BOWLING GREEN, KENTUCKY - Republicans in a number of U.S. states head to the polls in coming weeks to vote in primary elections to pick the party's candidate for November's midterm elections.  The primaries in some of these states are seen as a test of the conservative Tea Party movement, which has been influential in Republican party politics since scoring significant victories in the 2010 midterms.

In Kentucky, Senate Republican Minority leader Mitch McConnell faces a primary challenge from a Tea Party-backed candidate.   But, waning enthusiasm for some of the Tea Party candidates could affect the outcome of these races with party control of Congress next year hanging in the balance.

Conservative Kentucky businessman Matt Bevin has forged a well-traveled path throughout Kentucky in his bid for the U.S. Senate.  He says he hears the same concerns among voters across the state.

“They’re worried about the economy.  They are worried about their ability to maintain their own jobs, let alone their children and grandchildren," said Bevin.

Those are the concerns of Bowling Green, Kentucky voters such as Brian and Claudia Strow, who are looking for a candidate that can best bring job growth to Kentucky.

“Our unemployment rate is still much higher than the national average, it is 7.9 percent here in March.  People are looking around trying to ask what kind of government policies might be conducive to job creation," said Claudia Strow.

Bevin is popular among conservative Tea Party voters who were key to midterm election wins nationwide in 2010 that changed the balance of power in the U.S. House of Representatives.  

Their concerns:  what they see as government intrusion into their lives, especially President Obama's health care reform law.  

Republican Senate candidate in the Midwest state of Iowa, Matt Whitaker, says four years later, conservative voter outrage over President Obama's health care reform continues.  

Whitake: “It’s probably the number one issue on the minds of a lot of voters."
Reporter: "Why?"

Whitaker: "Just because.  It’s having a significant impact on people’s lives.”

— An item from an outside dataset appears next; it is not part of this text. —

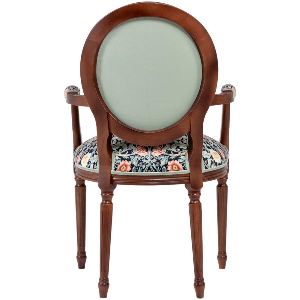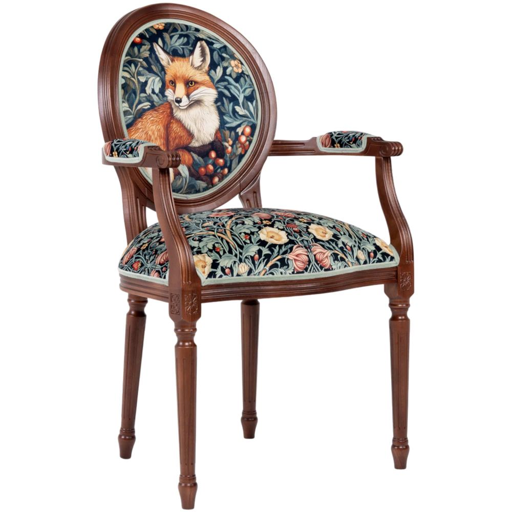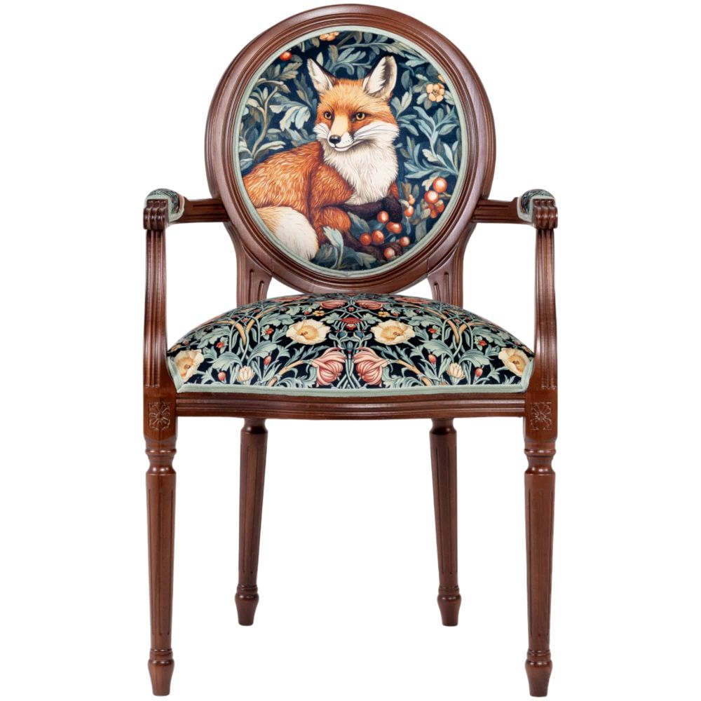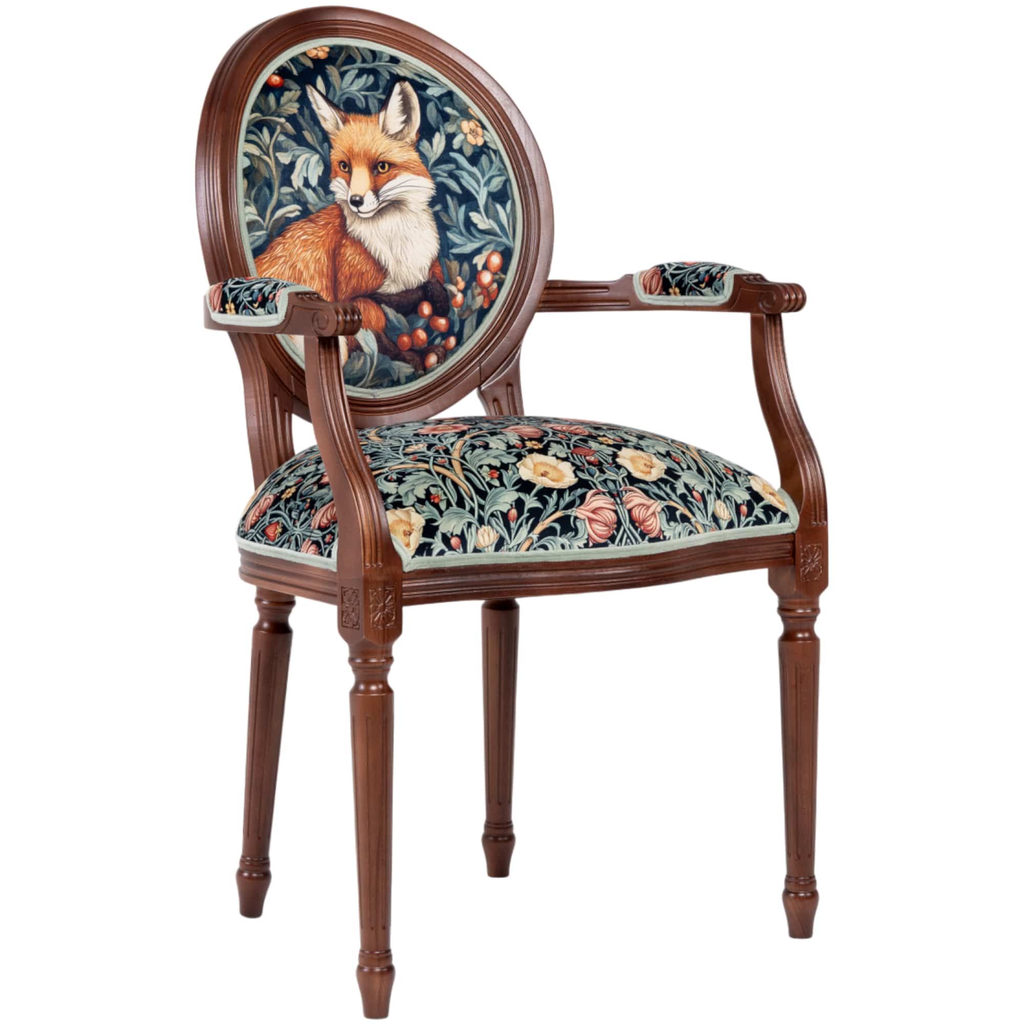 Дизайн кресла (стула с подлокотниками) «Бал сказок. Лиса» акцентирует внимание на обивке, вдохновленной узнаваемыми мотивами Уильяма Морриса. На спинке кресла изображена лиса в окружении рубиновых ягод. Эта деталь придает предмету мебели уникальное очарование, превращая его в выразительный элемент декора. Сиденье украшено характерным для Морриса природным орнаментом: на черном фоне распускаются оригинальные цветы, соединенные зелеными побегами. Данный узор создает ощущение цветущего луга, наполняя пространство гармонией и ощущением свежести.

But it might not be enough of an impact to draw out as many voters this midterm election cycle, says University of Kentucky Professor Al Cross.

“I think there is some fatigue among people who were all energized by the Tea Party," said Cross.

Such as in North Carolina, where the Republican establishment candidate recently defeated Tea Party rivals to win his party's Senate nomination.   

Yet it's a different story in Nebraska, where Tea Party backing helped Ben Sasse win the Republican Senate primary.  

But in Kentucky, despite Tea Party support, Matt Bevin trails incumbent Republican Senate Minority leader Mitch McConnell in polling, even though McConnell’s approval ratings are very low.

“McConnell, interestingly enough, had about the same job approval numbers as Obama, in one of the polls early in the race.  There’s just not a great reservoir of love for Mitch McConnell," said Cross.

If McConnell does win the primary, the race against his likely Democratic challenger in November's general election could be one of the toughest of McConnell’s career.

“It matters, because he is the leader of the Republicans, and he is the most vulnerable Republican incumbent by far," explained Cross.

It is a seat Cross says Republicans need to win in their national strategy to secure a majority in the U.S. Senate.  And this could hinge on whether Tea Party-backed candidates help or hinder Republicans in achieving this goal.